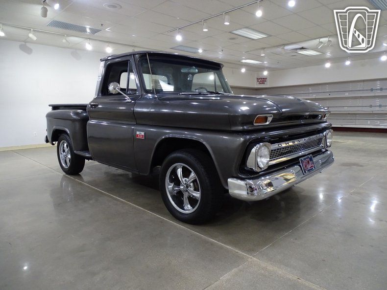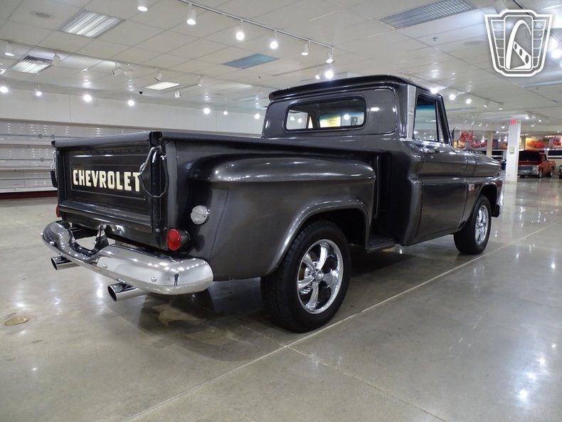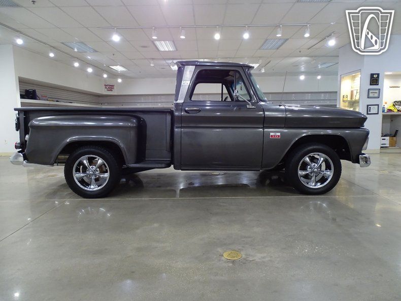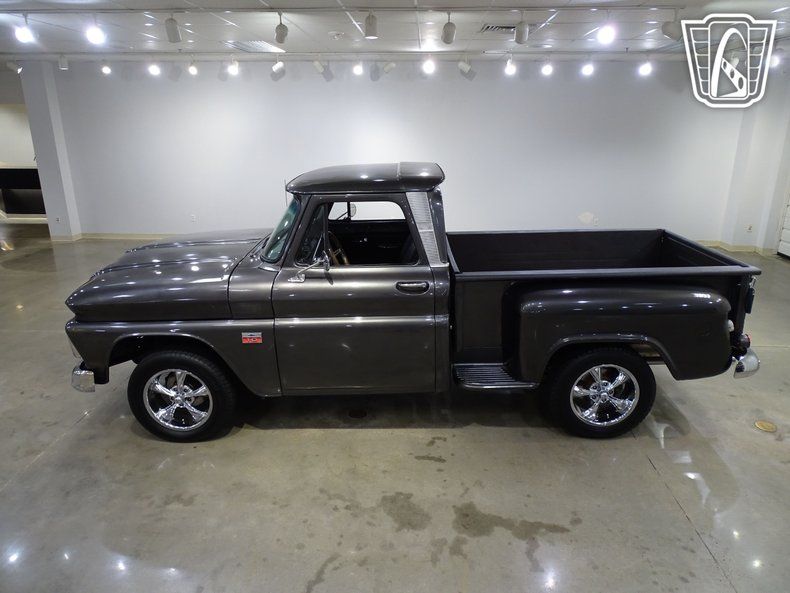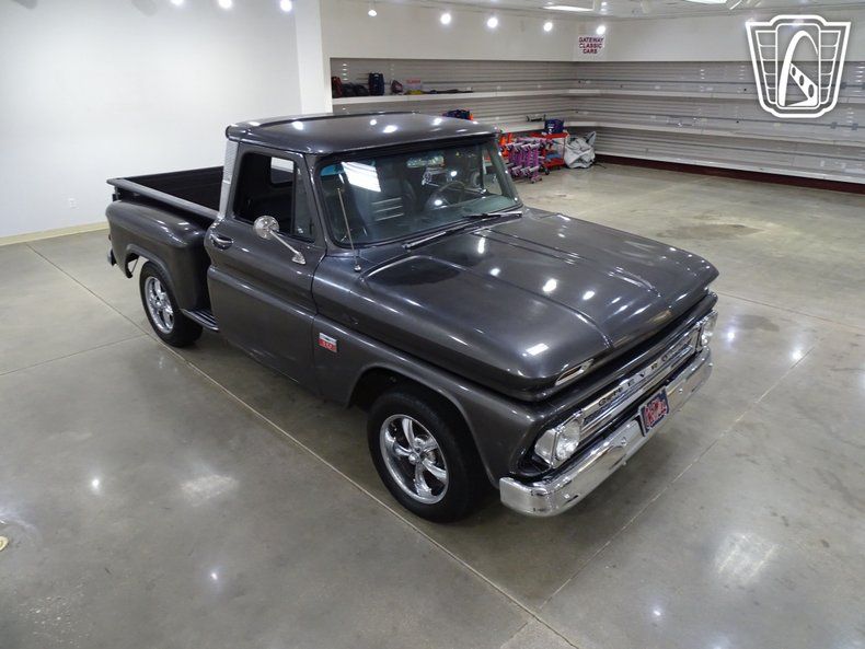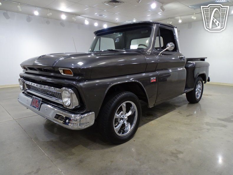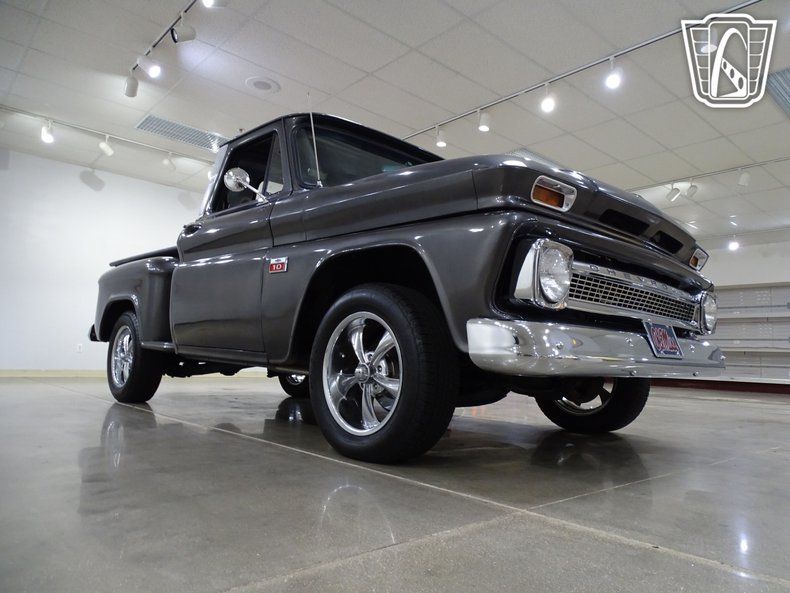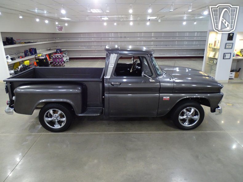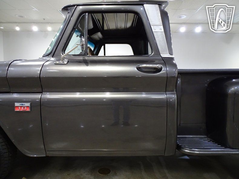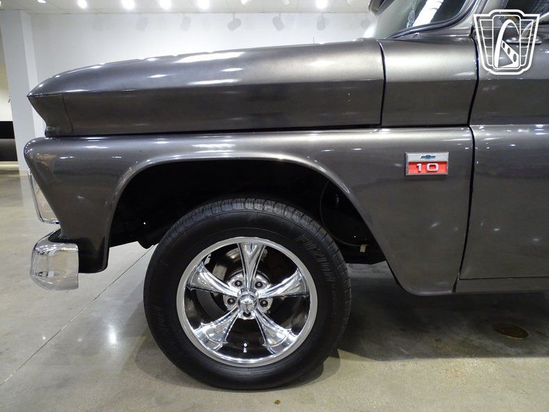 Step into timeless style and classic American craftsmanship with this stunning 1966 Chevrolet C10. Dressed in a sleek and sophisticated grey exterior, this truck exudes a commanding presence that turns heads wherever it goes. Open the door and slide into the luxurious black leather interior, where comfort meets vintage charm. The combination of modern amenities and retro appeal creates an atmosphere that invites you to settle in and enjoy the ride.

──────────

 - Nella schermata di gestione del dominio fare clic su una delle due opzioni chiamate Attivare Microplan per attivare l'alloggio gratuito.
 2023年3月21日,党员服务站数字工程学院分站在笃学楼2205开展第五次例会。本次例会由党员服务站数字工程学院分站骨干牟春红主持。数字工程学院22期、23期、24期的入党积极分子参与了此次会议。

──────────

• _Directions for this task_
Retype word for word everything in the listing above from the line that holds "- Nella schermata" down to the line that holds "2023年3月21日,党员服". Keep both end lines and leave out the rest.

• _Written response_
 - Nella schermata di gestione del dominio fare clic su una delle due opzioni chiamate Attivare Microplan per attivare l'alloggio gratuito.
 2023年3月21日,党员服务站数字工程学院分站在笃学楼2205开展第五次例会。本次例会由党员服务站数字工程学院分站骨干牟春红主持。数字工程学院22期、23期、24期的入党积极分子参与了此次会议。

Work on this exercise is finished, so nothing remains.